● Exercise aim: Retype, word for word, every line of the records below starting at the one that contains "대전은 지난 5일 대전월드컵경기장" and ending at the one that contains "Cartes postales Nouvel"; include both of those lines and nothing more.

● Task data:
◇ ◇ ◇
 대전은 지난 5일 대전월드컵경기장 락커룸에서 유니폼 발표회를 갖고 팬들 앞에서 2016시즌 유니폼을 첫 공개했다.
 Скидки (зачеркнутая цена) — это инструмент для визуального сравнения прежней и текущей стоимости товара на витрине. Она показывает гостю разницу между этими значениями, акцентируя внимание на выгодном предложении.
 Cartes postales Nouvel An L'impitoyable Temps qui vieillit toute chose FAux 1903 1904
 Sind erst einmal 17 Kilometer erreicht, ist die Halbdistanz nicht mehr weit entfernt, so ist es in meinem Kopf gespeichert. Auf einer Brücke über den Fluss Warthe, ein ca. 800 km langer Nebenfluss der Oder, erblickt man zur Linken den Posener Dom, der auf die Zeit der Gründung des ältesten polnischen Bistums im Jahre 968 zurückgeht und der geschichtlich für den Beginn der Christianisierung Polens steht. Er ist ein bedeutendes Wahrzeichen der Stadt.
◇ ◇ ◇
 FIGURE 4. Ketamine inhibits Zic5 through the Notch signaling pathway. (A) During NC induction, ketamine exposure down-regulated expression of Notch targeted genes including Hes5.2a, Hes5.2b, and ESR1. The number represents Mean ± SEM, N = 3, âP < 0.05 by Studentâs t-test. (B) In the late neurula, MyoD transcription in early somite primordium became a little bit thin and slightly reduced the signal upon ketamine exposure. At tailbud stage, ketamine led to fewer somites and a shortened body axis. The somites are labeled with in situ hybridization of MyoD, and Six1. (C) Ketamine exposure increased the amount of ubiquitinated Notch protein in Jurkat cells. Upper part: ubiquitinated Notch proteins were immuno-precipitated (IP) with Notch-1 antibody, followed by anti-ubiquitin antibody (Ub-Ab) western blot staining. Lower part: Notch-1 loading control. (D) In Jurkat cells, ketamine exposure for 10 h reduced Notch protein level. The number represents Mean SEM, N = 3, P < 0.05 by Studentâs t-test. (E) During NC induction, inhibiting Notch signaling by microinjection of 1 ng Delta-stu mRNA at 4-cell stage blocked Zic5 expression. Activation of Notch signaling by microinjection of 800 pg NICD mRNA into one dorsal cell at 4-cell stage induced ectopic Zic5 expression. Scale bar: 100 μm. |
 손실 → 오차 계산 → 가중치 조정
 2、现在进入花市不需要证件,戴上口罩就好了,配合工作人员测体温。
◇ ◇ ◇
● Written answer:
 대전은 지난 5일 대전월드컵경기장 락커룸에서 유니폼 발표회를 갖고 팬들 앞에서 2016시즌 유니폼을 첫 공개했다.
 Скидки (зачеркнутая цена) — это инструмент для визуального сравнения прежней и текущей стоимости товара на витрине. Она показывает гостю разницу между этими значениями, акцентируя внимание на выгодном предложении.
 Cartes postales Nouvel An L'impitoyable Temps qui vieillit toute chose FAux 1903 1904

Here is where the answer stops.